Overview
The goal of this clinical trial is to learn if AAT for inhalation, at a dose of 80 mg/day can slow the progression of lung disease in people who have lung disease caused by severe genetic deficiency in Alpha 1 Antitrypsin (AATD).
The main question it aims to answer is:
• Can daily treatment with Kamada AAT for inhalation at a dose of 80 mg/day prevent or slow lung function worsening ? Lung function will be measured by spirometry.
Other questions it aims to answer are:
- Can daily treatment with Kamada AAT for inhalation at a dose of 80 mg/day prevent or slow lung density loss ? Lung density will be measured by a CT scan.
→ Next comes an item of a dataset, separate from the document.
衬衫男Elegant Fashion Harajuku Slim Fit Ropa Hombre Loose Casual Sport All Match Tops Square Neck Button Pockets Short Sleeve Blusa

- Can daily treatment with Kamada AAT for inhalation at a dose of 80 mg/day prevent or slow lung disease from worsening ? Lung disease will be measured using spirometry, lung volume, gas diffusion, six minute walk test, quality of life questionaires and biomarkers.
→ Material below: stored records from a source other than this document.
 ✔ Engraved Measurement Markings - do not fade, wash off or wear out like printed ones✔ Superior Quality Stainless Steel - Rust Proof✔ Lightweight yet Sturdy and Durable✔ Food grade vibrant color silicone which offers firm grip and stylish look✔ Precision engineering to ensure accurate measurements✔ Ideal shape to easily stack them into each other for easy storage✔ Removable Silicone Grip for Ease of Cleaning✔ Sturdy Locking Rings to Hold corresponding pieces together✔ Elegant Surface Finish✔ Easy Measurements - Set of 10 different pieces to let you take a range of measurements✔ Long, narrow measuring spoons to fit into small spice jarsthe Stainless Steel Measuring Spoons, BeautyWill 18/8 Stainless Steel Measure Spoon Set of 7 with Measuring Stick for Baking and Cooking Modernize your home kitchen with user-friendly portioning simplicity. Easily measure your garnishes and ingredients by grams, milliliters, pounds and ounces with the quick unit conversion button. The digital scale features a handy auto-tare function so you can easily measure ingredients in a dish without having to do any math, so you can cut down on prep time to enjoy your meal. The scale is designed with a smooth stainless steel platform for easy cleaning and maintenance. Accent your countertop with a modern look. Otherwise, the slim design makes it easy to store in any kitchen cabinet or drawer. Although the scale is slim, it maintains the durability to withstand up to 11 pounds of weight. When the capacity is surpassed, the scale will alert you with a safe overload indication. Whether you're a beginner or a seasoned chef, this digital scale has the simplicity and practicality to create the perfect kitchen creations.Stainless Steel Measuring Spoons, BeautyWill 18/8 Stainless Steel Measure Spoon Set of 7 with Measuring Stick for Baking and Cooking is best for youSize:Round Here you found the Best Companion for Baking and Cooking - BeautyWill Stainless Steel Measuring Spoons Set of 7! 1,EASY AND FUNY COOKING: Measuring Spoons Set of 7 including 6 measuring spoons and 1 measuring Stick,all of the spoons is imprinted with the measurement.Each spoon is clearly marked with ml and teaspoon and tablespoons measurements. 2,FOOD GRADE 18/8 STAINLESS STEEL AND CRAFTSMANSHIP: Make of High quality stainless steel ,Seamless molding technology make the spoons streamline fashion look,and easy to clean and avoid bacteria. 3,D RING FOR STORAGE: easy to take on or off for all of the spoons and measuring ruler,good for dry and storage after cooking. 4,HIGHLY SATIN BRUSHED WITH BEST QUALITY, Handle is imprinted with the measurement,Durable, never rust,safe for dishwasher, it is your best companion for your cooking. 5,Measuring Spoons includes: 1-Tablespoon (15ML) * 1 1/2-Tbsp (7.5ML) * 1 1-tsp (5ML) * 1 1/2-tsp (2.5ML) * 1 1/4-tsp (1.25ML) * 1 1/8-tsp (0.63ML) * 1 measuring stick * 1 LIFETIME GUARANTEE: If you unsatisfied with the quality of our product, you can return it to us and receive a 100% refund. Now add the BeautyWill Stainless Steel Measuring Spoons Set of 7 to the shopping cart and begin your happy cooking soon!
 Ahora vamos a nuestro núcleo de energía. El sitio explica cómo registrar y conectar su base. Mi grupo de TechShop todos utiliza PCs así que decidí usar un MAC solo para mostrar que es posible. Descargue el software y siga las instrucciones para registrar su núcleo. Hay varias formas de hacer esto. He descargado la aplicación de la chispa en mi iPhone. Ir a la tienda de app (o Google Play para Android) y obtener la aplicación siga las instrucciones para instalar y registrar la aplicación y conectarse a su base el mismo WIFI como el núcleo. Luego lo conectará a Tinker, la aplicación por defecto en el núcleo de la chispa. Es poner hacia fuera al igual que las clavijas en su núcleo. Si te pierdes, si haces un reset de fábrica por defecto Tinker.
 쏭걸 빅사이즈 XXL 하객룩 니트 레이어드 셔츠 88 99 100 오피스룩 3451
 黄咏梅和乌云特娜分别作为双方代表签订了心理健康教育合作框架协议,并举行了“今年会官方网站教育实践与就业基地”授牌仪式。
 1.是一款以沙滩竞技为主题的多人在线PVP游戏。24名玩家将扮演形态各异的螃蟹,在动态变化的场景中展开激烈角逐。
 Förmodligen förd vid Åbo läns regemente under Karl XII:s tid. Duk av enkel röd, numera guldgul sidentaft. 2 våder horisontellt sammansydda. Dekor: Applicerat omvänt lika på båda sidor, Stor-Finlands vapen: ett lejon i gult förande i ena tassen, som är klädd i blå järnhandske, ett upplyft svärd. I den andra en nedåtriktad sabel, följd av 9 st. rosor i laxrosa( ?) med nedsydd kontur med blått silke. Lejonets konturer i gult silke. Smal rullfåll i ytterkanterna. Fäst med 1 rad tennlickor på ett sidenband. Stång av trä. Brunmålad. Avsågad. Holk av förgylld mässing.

- What medical problems do participants have when taking AAT for inhalation 80 mg/day daily ? Researchers will compare AAT for inhalation to a placebo (a look-alike substance that contains no drug) to see if AAT for inhalation works to treat AAT-deficiency related lung disease. Study participants will receive either AAT for inhalation or placebo for the first two years of the study. During the third and fourth years of the study all participants will receive AAT for inhalation regardless of which drug they received during the first two years.
Participants will:
- Inhale the study drug every day
- Clean and disinfect the nebulizer every day
- Document daily symptoms and study drug use in an electronic diary
- Visit the clinic for tests and assessments. There are 11 clinic visits during the first two years of the study and 5-6 clinic visits during the third and fourth year, combined. After treatment ends, participants will visit the clinic 3 times in half a year.
Description
Individuals with a genetic deficiency of alpha-1-antitrypsin (AATD) are at a significantly increased risk (80-100%) of developing lung disease (emphysema or COPD). This study is designed to administer a solution of AAT by nebulizer so that patients can inhale the drug instead of requiring infusions as in current treatment. A significant advantage of inhalation is that the AAT is directly transferred to the lungs, which is the site most in need of the protein. Previous results show that in addition to the added convenience, treatment restores normal levels of active AAT to the lung. To date, more than 220 participants have completed clinical trials with AAT for inhalation for several diseases.